Background information
- Born: Jacob Hendrik Stotijn 22 September 1891 The Hague, Netherlands
- Died: 5 April 1970 (aged 78) The Hague
- Genres: Classical
- Occupation: Instrumentalist
- Instrument: Oboe

= Jaap Stotijn =

Dutch oboist (1891–1970)

Jacob Hendrik "Jaap" Stotijn (The Hague, 22 September 1891 – The Hague, 5 April 1970) was a Dutch oboist. He was also active as a pianist and conductor.
Jaap Stotijn has been credited as the founder of the Dutch school of oboe playing.
"The Dutch style ... is the product of the distinctive reed-making and playing style of Jaap Stotijn."
Contemporary oboists in this lineage include Han de Vries, Koen van Slogteren (nl), Peter Bree, Bart Schneemann, and the current principal oboe in Stotijn's orchestra, Pauline Oostenrijk (nl).

==Personal life==
Jacob Hendrik Stotijn was born on 22 September 1891, the son of Johannes Louis Stotijn and Helena Kooper. He married Geertruida Molenaar on 27 September 1912.
They had a daughter, Ellen, born 23 March 1913,
and a son, Haakon, born 11 February 1915.
Ellen Nicasie-Stotijn became a harpist, and Haakon Stotijn followed his father as an oboist and teacher of the oboe.

==Career==
In 1907, while studying with Dirk van Emmerik, Stotijn played second oboe with the Residentie Orchestra in The Hague, where his teacher was principal oboist. He studied at De Haagsche Muziekschool, now the Royal Conservatory of The Hague from 1910 to 1915.
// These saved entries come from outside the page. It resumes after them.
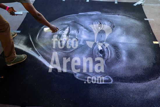 ny190624110311 An artist works on a portrait of President Cyril Ramaphosa of South Africa during his inauguration to a second term in Pretoria on Wednesday, June 19, 2024. With a humility stemming from his partyÕs electoral disappointment, Ramaphosa was sworn in for a second term on Wednesday, conceding bluntly to the governmentÕs failure to cure a nation that remains deeply divided and economically fraught in the three decades since the end of apartheid. (Joao Silva/The New York Times/Fotoarena)
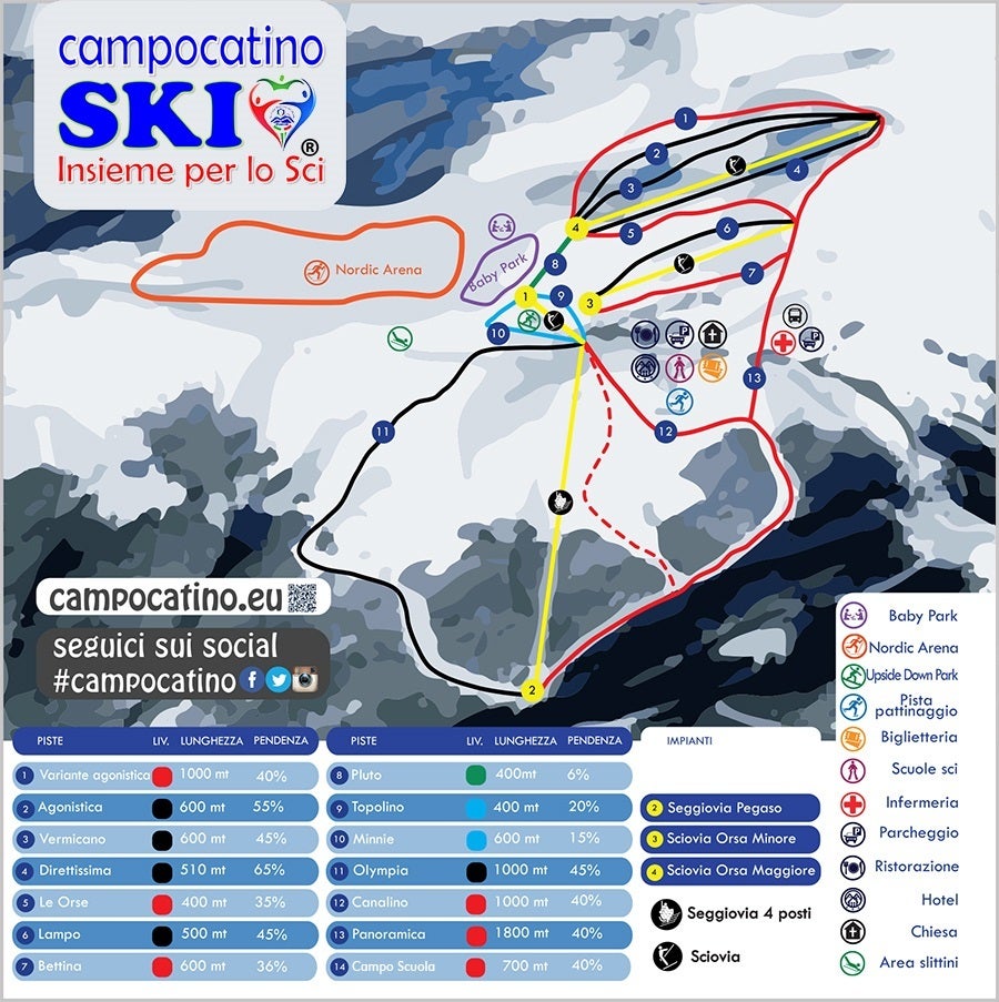 Campocatino Plano de pistasConsulta las pistas y remontes de Campocatino con nuestro mapa interactivo de la estación. Planifica tu jornada antes de ir o navega por la montaña mientras estás allí con los mapas de pistas más recientes de Campocatino.Haz clic para ampliar el mapa de pistas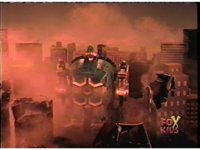 Thunder Megazord (shh!) spark bursts brightly in the city. |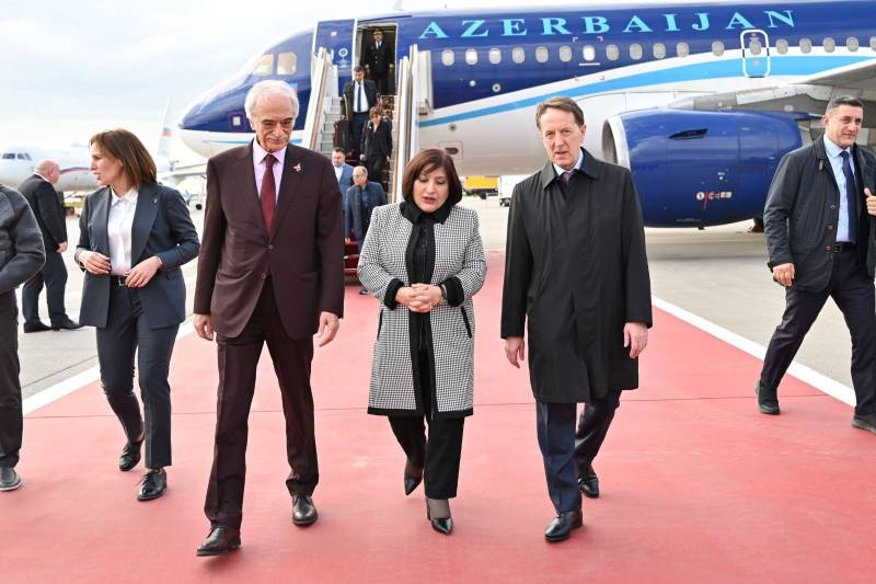 Miili Məclisdən Manset.az-a bildirilib ki, Moskva şəhərinin Vnukovo-2 beynəlxalq hava limanında nümayəndə heyətini Rusiya Dövlət Duması sədrinin müavini Aleksey Qordeyev, Azərbaycanın Rusiyadakı səfiri Polad Bülbüloğlu və digər rəsmi şəxslər qarşılayıblar.

In 1919, Stotijn succeeded Dirk van Emmerik as solo oboist with the Hague Residentie Orchestra and as oboe instructor at the conservatory, positions he held until his retirement in 1956. He continued to teach oboe privately for many years after his retirement.

Jaap Stotijn was involved in a number of other musical endeavours. In 1928, he began conducting the Hague Workers Symphony Orchestra. In 1935, Stotijn formed the Feltkamp-Stotijn-Ketting Trio with flutist Johan Feltkamp and pianist/composer Piet Ketting. Stotijn also performed with a Baroque music ensemble Collegium Musicum Artis Antiqua.

Composer Julius Röntgen dedicated his Sonata #2 for Oboe and Piano in D major to Stotijn.

==Recordings==
- Stotijn's recording of Wolfgang Amadeus Mozart's Oboe Concerto in C major, K. 314, with the Wiener Philharmoniker conducted by Wilhelm Loibner has been reissued on some classical compilations.
- Stotijn is almost certainly the oboe soloist heard at the beginning of the second movement in a 1949 recording of Ginette Neveu playing the Violin Concerto in D major, Op. 77, by Johannes Brahms with the Residentie Orchestra conducted by Antal Dorati, also available on reissue.

==Bibliography==

- "Muziekencyclopedie - Jaap Stotijn"
- de Jonge, A.W.J. (2013). "Stotijn, Jacob Hendrik (1891-1970)"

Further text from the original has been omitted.